Razavi v. Walkuski

Decision Date01 June 2016
Docket NumberNo. 1–15–1435.,1–15–1435.
Citation55 N.E.3d 252,404 Ill.Dec. 156
Parties Omid Shariat RAZAVI, Plaintiff–Appellee, v. Eva WALKUSKI and Ariel Zekelman, Defendants–Appellants (School of the Art Institute of Chicago, Defendant).
CourtUnited States Appellate Court of Illinois

55 N.E.3d 252
404 Ill.Dec.
156

Omid Shariat RAZAVI, Plaintiff–Appellee
v.
Eva WALKUSKI and Ariel Zekelman, Defendants–Appellants (School of the Art Institute of Chicago, Defendant).

No. 1–15–1435.

Appellate Court of Illinois, First District, Third Division.

June 1, 2016.


55 N.E.3d 253

Paula M. Ketcham and Shawna S. Boothe, both of Schiff Hardin LLP, Vincent M. Casieri and Christopher T. Buckley, both of Schueler, Dallavo & Casieri, and Katie Gaughan, of Chicago Alliance Against Sexual Exploitation, all of Chicago, for appellants.

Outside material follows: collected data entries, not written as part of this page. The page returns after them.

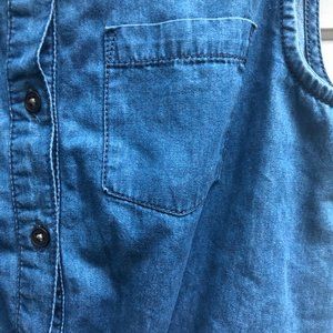 Size 11 dress. Light denim upper and unicorn pattern skirt. In excellent condition.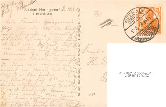 73807958 alte Postkarte Heringsdorf Ostseebad Usedom Bismarckturm postalisch gelaufen Erhaltung siehe scans [WerneD78] KatCode: 11110013059112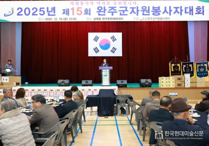 한국현대미술신문 기자 | 사단법인 완주군자원봉사센터는 완주문화체육센터에서 ‘2025년 제15회 완주군 자원봉사자대회’를 열고, 한 해 동안 지역사회 곳곳에서 활동한 자원봉사자들의 노고를 격려했다.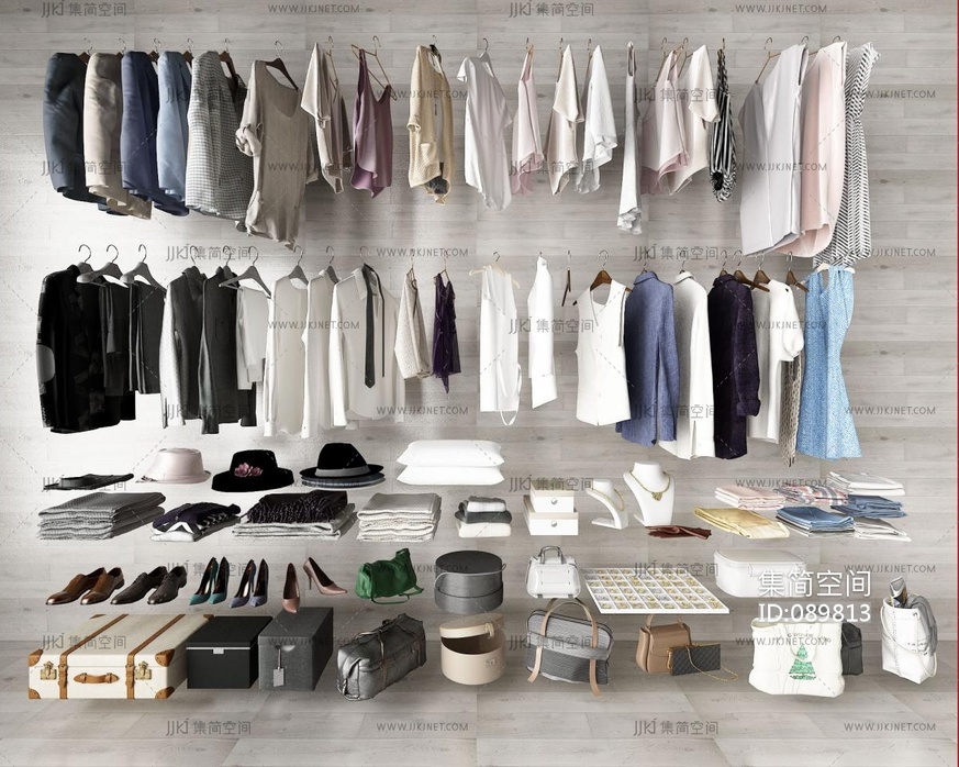 现代衣帽间衣服饰品 3d模型下载 [模型ID:89813]
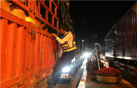 夜間綠農(nóng)車輛多,據(jù)統(tǒng)計(jì),當(dāng)天凌晨早班臨海南收費(fèi)所出口綠農(nóng)車108輛,是平時(shí)日均數(shù)量的八九倍。短時(shí)間內(nèi)的“井噴式”增長(zhǎng),這又是一個(gè)大考驗(yàn)?!叭?hào)綠色”、“一號(hào)綠色”、“二號(hào)綠色”……“來啦!”旁站人員箭步?jīng)_過去拍照取證、檢查車輛。大貨車又高又寬,平時(shí)需登專用扶梯進(jìn)行檢查,可在大流量面前保安全省時(shí)間是第一要旨,這些個(gè)巾幗女將們面對(duì)高貨車,一手拉著車把,一腳踩在車杠上,迅速上車開展核查,執(zhí)行速度絲毫不遜于男同志。有時(shí)剛從這輛貨車上下來,又立刻奔向了其它車道。晴夜當(dāng)空,車道間一個(gè)個(gè)忙碌的身影不停穿梭著,卻不言乏力。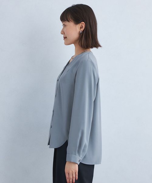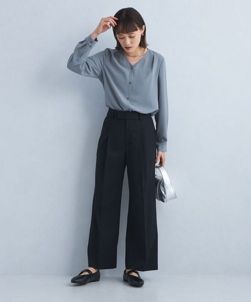 肩タック Vネック ブラウス ―マシンウォッシャブル・防シワ―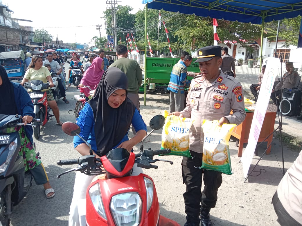 “Kami telah melaksanakan kegiatan gerakan pangan murah dengan mendistribusikan beras SPHP (Stabilisasi Pasokan dan Harga Pangan) pada hari ini sebanyak 1 ton atau 200 karung dan sudah habis terjual dalam beberapa jam saja,” Ungkap Kapolsek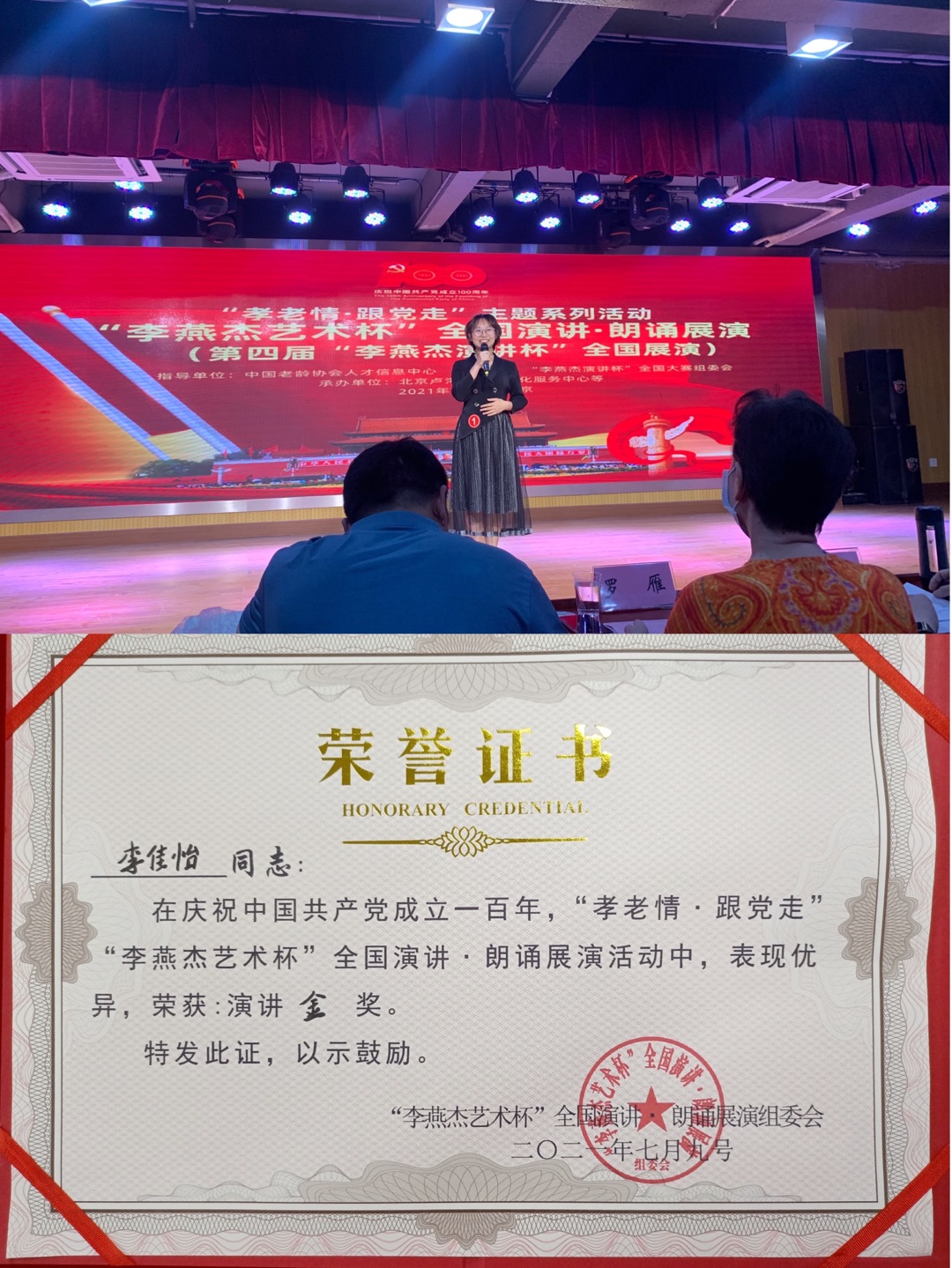 本次展演是第四届"李燕杰演讲杯"庆“七一”全国演讲、朗诵展演的一部分,经过复赛和全国演讲协会展演后,30多位选手进入决赛,通过演讲和朗诵两种形式,赞美伟大的中国共产党、赞美伟大的祖国。李佳怡以《我们为什么想入党》为题,表达了青年大学生的真切愿望,那就是“做中华民族好儿女,做共产主义事业接班人!”展现了青年大学生知党恩、听党话、跟党走的爱国之情和报国之志。

Deidre Baumann, of Baumann & Shuldiner, of Chicago, for appellee.

55 N.E.3d 254

OPINION

Justice LAVIN delivered the judgment of the court, with opinion.

404 Ill.Dec. 158

¶ 1 This interlocutory appeal arises from a defamation action that plaintiff Omid Shariat Razavi filed against defendants Eva Walkuski and Ariel Zekelman. Pursuant to section 2–619.1 of the Code of Civil Procedure (735 ILCS 5/2–619.1 (West 2014) ), defendants filed a combined motion to dismiss which the trial court denied. Thereafter, defendants filed a motion to certify a question of law pursuant to Illinois Supreme Court Rule 308 (eff. Jan. 1, 2016). The dispositive issue presented for review is:

¶ 2 “Under Illinois law, does the absolute privilege for reporting crimes to law enforcement apply to a college student's report of on-campus sexual violence to campus security, particularly when federal law encourages college students to report sexual violence to campus security?”

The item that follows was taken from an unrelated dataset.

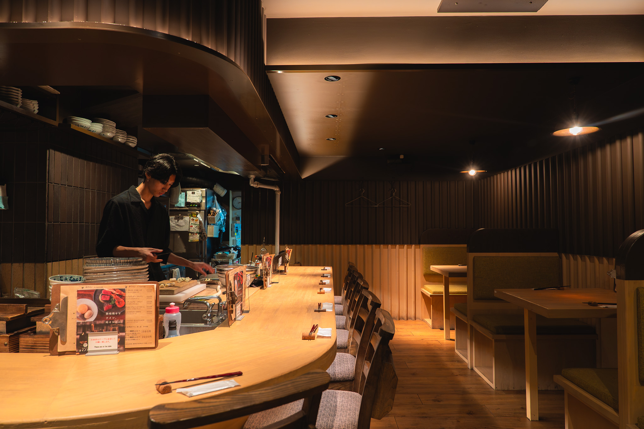 The space centers on counter seating, letting guests watch the chefs at work, while a few tables provide a cozy spot for friends or solo diners.

Based on the following, we find that the absolute privilege applies to statements that are made to campus security for the purpose of initiating legal proceedings.

¶ 3 BACKGROUND

¶ 4 We recite only those facts necessary to answer the certified question. The plaintiff and defendants were students at the School of the Art Institute (SAIC), a private institute of higher education located in Chicago, Illinois. Defendants met plaintiff in the fall of 2011, when all three were living in an SAIC dormitory. In September 2013, Walkuski reported to the SAIC campus security director that plaintiff had sexually assaulted her on several occasions and was also stalking her. SAIC's campus security director then escorted Walkuski to the Chicago Police Department (CPD) where she filed an incident report pertaining to the sexual assault and stalking. She also obtained a “plenary stalking no contact” order against plaintiff. Zekelman also reported to SAIC Campus Security that plaintiff had sexually assaulted her, but later withdrew her complaint. Thereafter, a disciplinary hearing was held to consider Walkuski's complaint against plaintiff and the SAIC student conduct board found the allegations to be credible. Subsequently, plaintiff was expelled from SAIC.

¶ 5 On July 22, 2014, plaintiff filed a defamation action against defendants and SAIC. In pertinent part, plaintiff alleged separate counts of defamation per se and defamation per quod against Walkuski for falsely reporting to SAIC campus security that plaintiff had sexually assaulted and stalked her. Plaintiff alleged separate counts of defamation per se and defamation per quod against Zekelman for falsely reporting to SAIC campus security that defendant sexually assaulted her. In response, defendants filed a combined motion to dismiss contending that their reports to SAIC campus security were absolutely privileged because the reports were made to law enforcement personnel. The circuit court denied defendants' motion, finding that whether the absolute privilege applied to reports of sexual violence made to campus security was a question of first impression in Illinois. Thus, the trial court certified the question at issue pursuant to Illinois Supreme Court Rule 308 (eff. Jan. 1, 2016).

¶ 6 ANALYSIS

¶ 7 A. Rule 308

¶ 8 We initially observe that a Rule 308 appeal is limited to answering a certified question of law and is not intended to address the application of the law to the facts of a particular case.

404 Ill.Dec. 159
55 N.E.3d 255

Walker v. Carnival Cruise Lines, Inc., 383 Ill.App.3d 129, 133, 321 Ill.Dec. 422, 889 N.E.2d 687 (2008). Thus, the parties' arguments pertaining to the underlying motion to dismiss are outside the scope of our review and will not be addressed. Id. Any answer we provide would be an advisory opinion and the courts of Illinois do not issue advisory opinions to guide future litigation. In re Estate of Luccio, 2012 IL App (1st) 121153, ¶ 32, 367 Ill.Dec. 777, 982 N.E.2d 927. We therefore decline defendants' invitation to use our “inherent power” to now reverse the trial court's ruling on the motion to dismiss in the “interests of judicial economy.”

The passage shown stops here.